Hadoop基准测试

Hadoop 基准测试


TestDFSIO的使用
该测试为Hadoop自带的测试工具,位于$HADOOP_HOME/share/hadoop/mapreduce目录中,主要用于测试DFS的IO性能,使用方法如下
[bc110 mapreduce]$ yarn jar hadoop-mapreduce-client-jobclient-2.2.0-tests.jar 
An example program must be given as the first argument.
Valid program names are:
  DFSCIOTest: Distributed i/o benchmark of libhdfs.
  DistributedFSCheck: Distributed checkup of the file system consistency.
  JHLogAnalyzer: Job History Log analyzer.

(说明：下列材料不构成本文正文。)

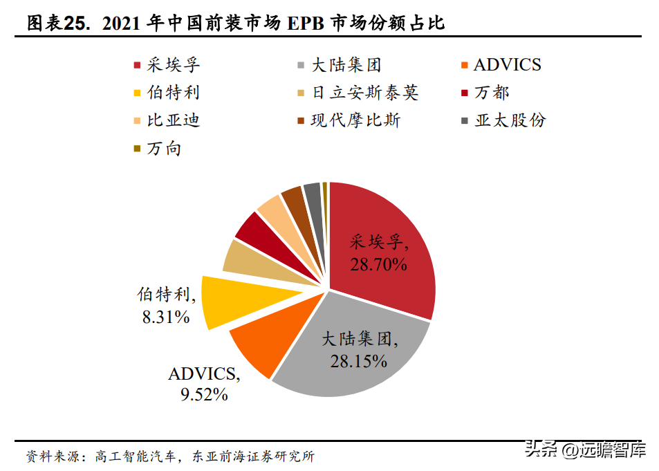 2021 年中国市场(不含进出口)乘用车新车前装标配搭载 EPB 上险量为 1594.04 万辆,前装搭载率为 78.15%。采埃孚、大陆集团与 ADVICS 位列市场份额前三,市占率分别为 28.70%、28.15%、9.52%,伯特利以搭载 132.42 万辆,8.31%市占率位列本土供应商之首。
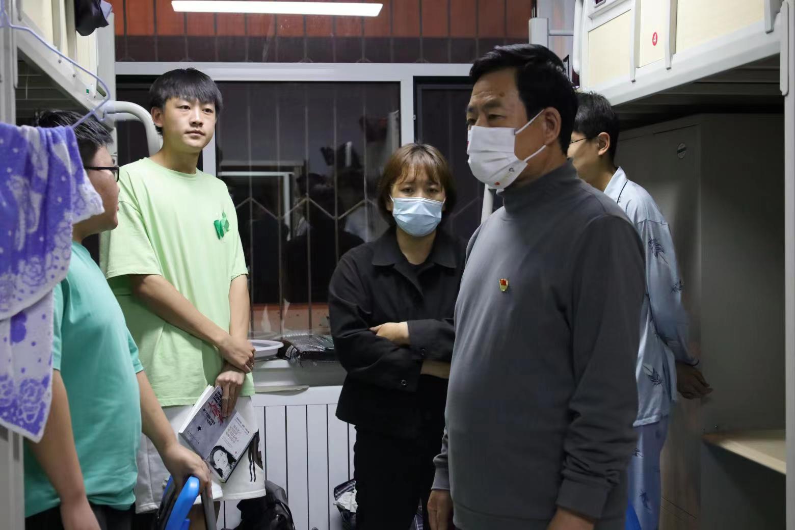 十月风寒,生科情暖。为切实做好疫情防控常态化下的学生管理工作,了解疫情期间学生的学习、生活状况和思想动态,在国庆假期期间,Beat365官网党委书记徐忞、学生工作与就业办公室主任默原、辅导员胡日查等老师深入学生宿舍,为学生送去关心和问候。
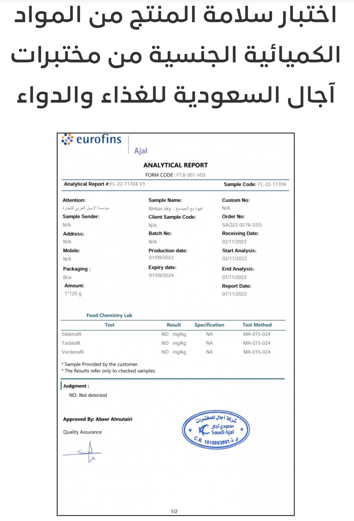 وشهادة مختبر آجال لخلو المنتج من المنشطات الجنسية
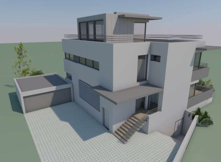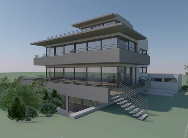 Auf einem sonnigen, 617 m² großen Grundstück befindet sich derzeit eine Bestandsimmobilie mit einer genehmigten Neubauplanung. Geplant ist der Bau einer exklusiven Designer-Villa mit fünf Ebenen sowie einer großzügigen Dachterrasse. Die vollständige Planung ist im Kaufpreis bereits enthalten und sieht wie folgt vor (ca. Angaben):

  MRReliabilityTest: A program that tests the reliability of the MR framework by injecting faults/failures
  SliveTest: HDFS Stress Test and Live Data Verification.

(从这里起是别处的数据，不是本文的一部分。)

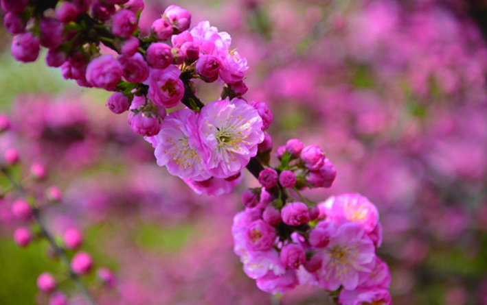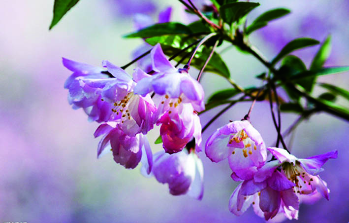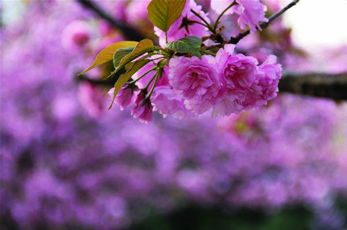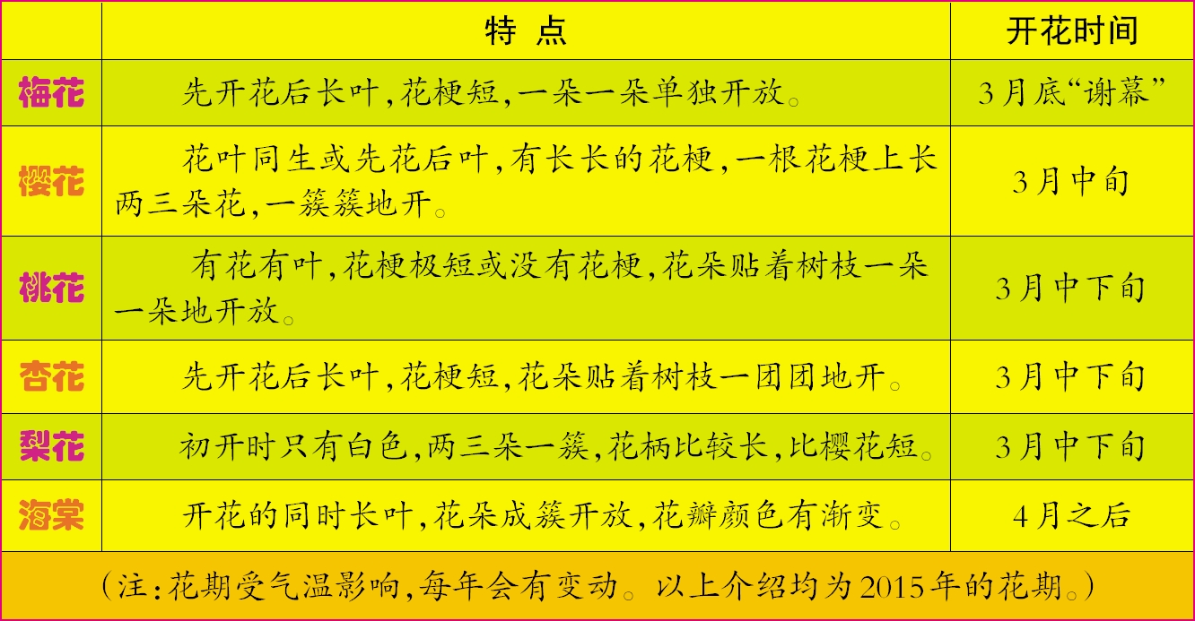 等到梅花慢慢凋零的时候,桃花、杏花、梨花、樱花竞相登场的时刻也到了。这四种花乍一看来都一样,其实它们的区别只要一看花梗就能辨别。樱花和梨花都有花梗,花朵垂下来较难分辨。桃花和杏花的花梗都短,甚至没有花梗,贴着树枝开。 梨花的花梗比樱花稍微短一些,而樱花的花朵更爱“害羞”地低头垂着;梨花一般只有白色,而樱花的色彩丰富,红的、粉的、白的都有;叶子的形状也大有不同,梨花的叶瓣大而圆,樱花的叶子边缘有芒齿;桃花和杏花一样,都没有花梗,要区分它们更容易,只要唱着《桃花朵朵开》的歌词就知道。一朵一朵单独开放的当然是桃花,而一簇一簇挤在一起的则是杏花。 海棠娇艳压落樱 等到海棠和樱花盛开的时节,满树的粉的白的红的,层层渐变的如晕染一般的一定是海棠花了。而樱花则大多是不起眼的白色或粉色。如果说海棠花是雍容华贵的大家闺秀,那么,樱花就显得更像是一个小家碧玉了。从叶片上也很好区分,樱花的叶片有细细的锯齿边,树皮光滑并有横纹,而且枝头有顶芽,这些都是海棠所没有的。 这些报春的花儿排了个花期的时间顺序。大致是在梅花之后,便到了樱花苏醒的时刻。樱花、杏花和桃花的开花时间差距并不大,几乎是一起跑了出来。最怕冷的是海棠花了,它要等到四月份才会姗姗来迟呢 |
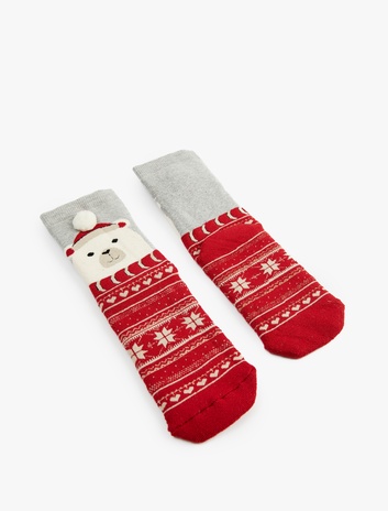 Kadın Pamuklu Yılbaşı Temalı Soket Havlu Çorap
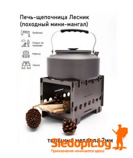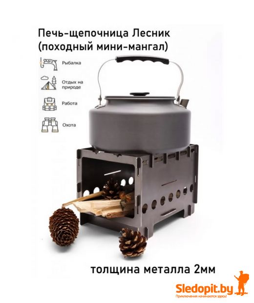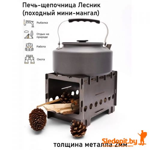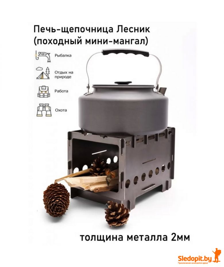 Надежная и удобная компактная печка щепочница на которой можно приготовить ужин, разогреть консерву и вскипятить чайник, при этом она неприхотлива к топливу и работает буквально на том, что лежит под ногами. В качестве топлива для этой печки-щепочницы используется практически любой горючий материал такой, который есть у Вас под ногами, к примеру шишки, веточки, щепки или сухое горючее, благодаря этому печку можно использовать в местах, где сложно найти дрова или их недостаточно. Конструкция мини печки проста, как все гениальное - пять пластин-стенок и несколько перемычек. Корпус металл 2мм с двойным дном и отверстиями в нижней части закрывает пламя от ветра и создает хорошую тягу. В результате готовить можно быстро и экономично. В разобранном виде печка занимает минимум места 19х13х1.5см, в собранном виде 19х13х13см весит с чехлом 1090г, при этом не нужно нести газовые баллоны или жидкое топливо.

  TestDFSIO: Distributed i/o benchmark.
  fail: a job that always fails
  filebench: Benchmark SequenceFile(Input|Output)Format (block,record compressed and uncompressed), Text(Input|Output)Format (compressed and uncompressed)
  loadgen: Generic map/reduce load generator
  mapredtest: A map/reduce test check.
  minicluster: Single process HDFS and MR cluster.
  mrbench: A map/reduce benchmark that can create many small jobs
  nnbench: A benchmark that stresses the namenode.
  sleep: A job that sleeps at each map and reduce task.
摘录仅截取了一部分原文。